The species name coccinea is Latin for "scarlet", and refers to the color of the flowers.

==Habitat and ecology==
Ipomoea coccinea is native to tropical America and have been introduced in much of the US. They can be found in disturbed areas along roads, stream banks, fence rows, old fields and other waste areas.

==Morphology==
Ipomoea coccinea is often confused with Ipomoea quamoclit since the flowers are similar. However, the leaves of the two species are very different. Ipomoea quamoclit has leaves that are more divided, resembling a pine bough, and look more like a cypress vine. Ipomoea coccinea has a red-orange color while I. hederifolia has a darker red colour. Also, they have more of a pinched shaped seed. Their leaves are lobed but not separated into leaflets. There is one leaf per node along the stem; the edge of the leaf blade depends, some have teeth and lobes.

==Flowers and fruit==
These flowers bear capsular fruits, with pedicels that are reflexed below the fruit but erect in the flower. The fruits are 6–7 mm across. Mature fruits are more spherical in shape and have a light brown colour and can contain up to 4 seeds. Seeds are more a wedge-shaped, about 3–4 mm long; this can range from dark brown to black. Every year about 1–4 seeds per fruit are most likely disperse. The capsule will appear brittle, showing that it will shatter upon contact with the ground, releasing the seeds.

==Usage==
Red morning glory is an annual plant, so it can be grown as a climber over a fence to make a summertime screen and attract butterflies.
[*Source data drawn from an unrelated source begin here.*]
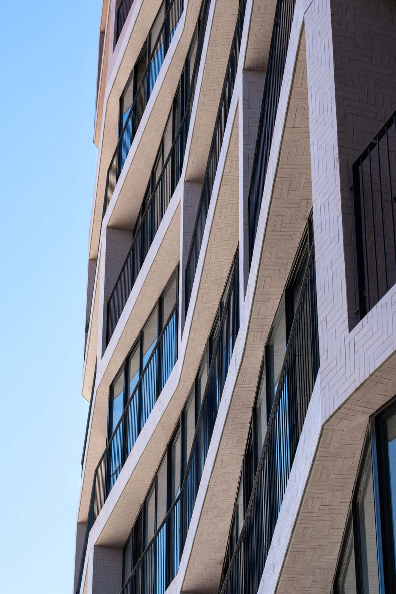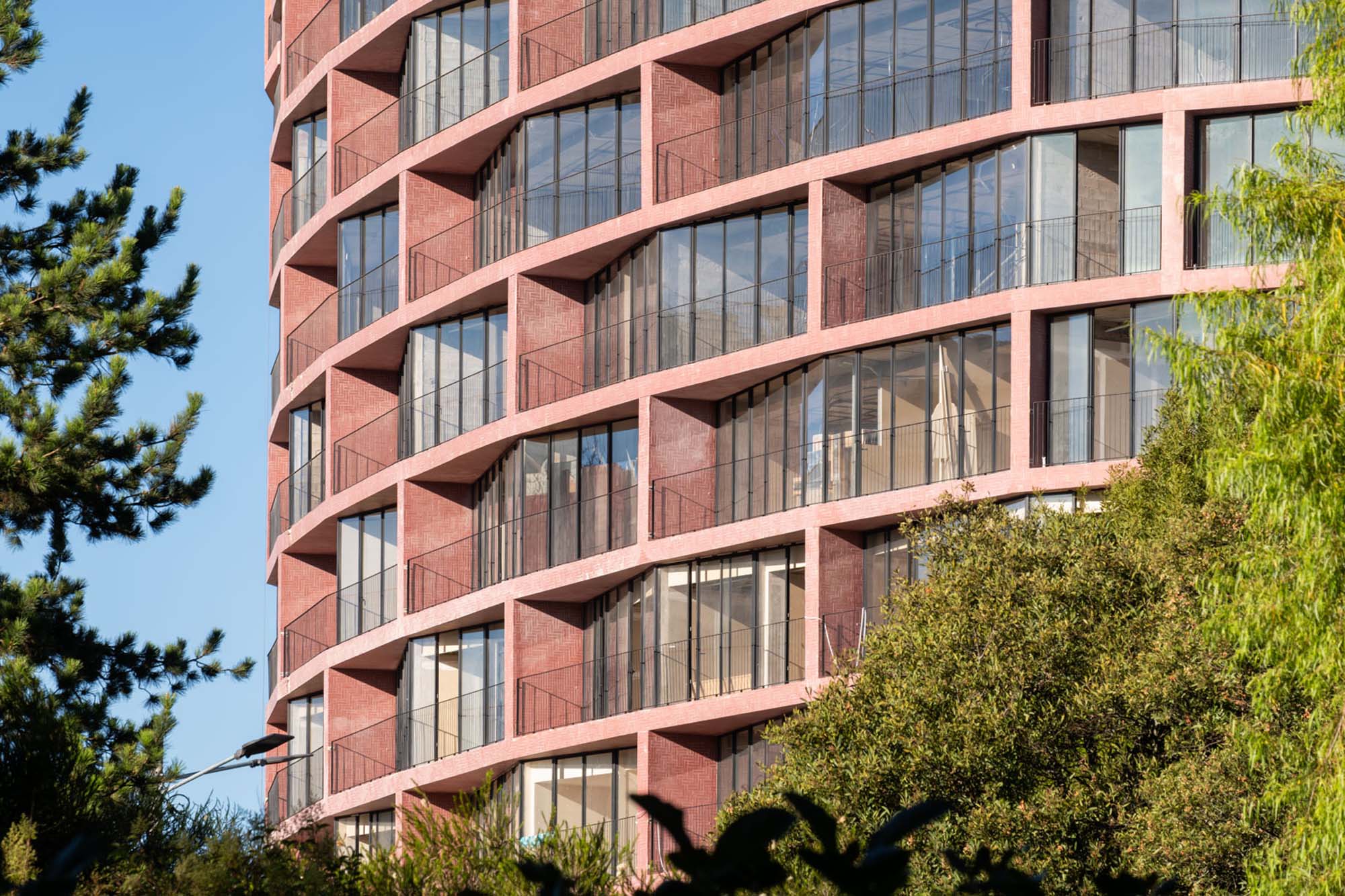 Il blocco residenziale, nel suo sviluppo in due volumi che si intersecano, forma un quartiere verticale che esemplifica un nuovo approccio all’integrazione dello spazio urbano con un edificio ad alta densità abitativa che vuole promuovere il concetto di comunità.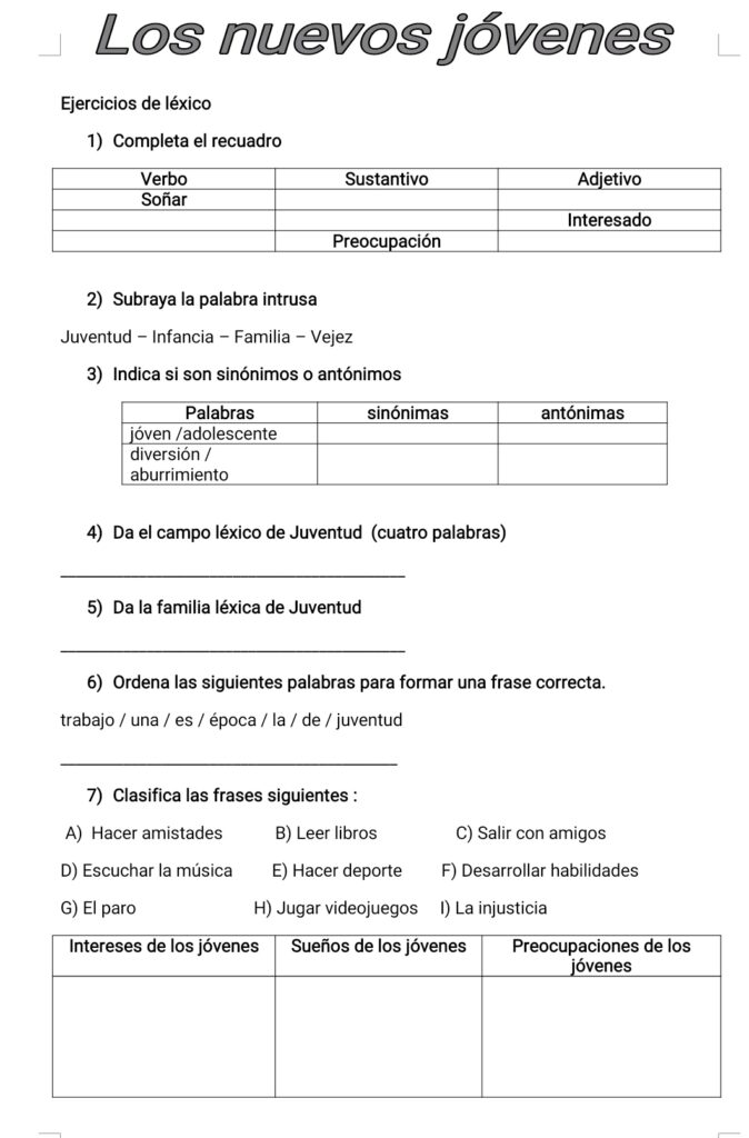 Ejercicios de léxico adaptados a la nueva tipología de preguntas.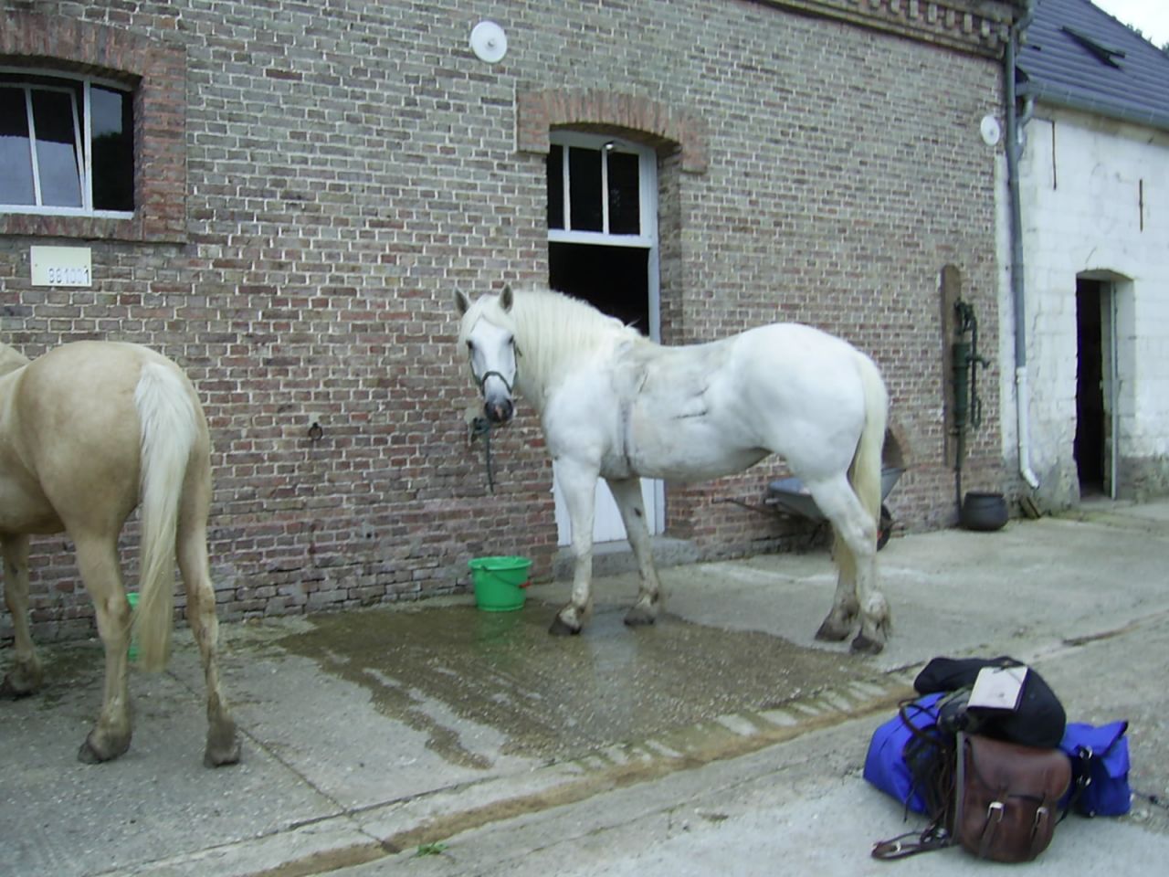 | lol nous somme parti a 3 nous avons dormi une nuit en tente ou des amis nous on ramené le matériel on y a fait un barbecue le reste du temps on avait réservé des chambres d'hotes pour pouvoir prendre des douches eet aller au toilette on a prit des saladieres et des boites de conserves pour avoir du paté et du jambon on achetait du pain..sinon je n'ai pas de secret sur la blancheur c'est naturelle ^^enfin ma jument a un poile qui se nettoit bien a la brosse j'arrive rapidement a enlever les taches ... |

Ipomoea × multifida is a hybrid between I. quamoclit (the cypress vine) and I. coccinea. The allotetraploid of this hybrid is Ipomoea sloteri. Both are known as cardinal climber.

==Medicinal==
The plant flowers between the months of November and January and fruits in January and February, in central India. The plant is cultivated in many parts of India as an ornamental plant but is also use as a medicinal property; they use the roots to induce sneezing.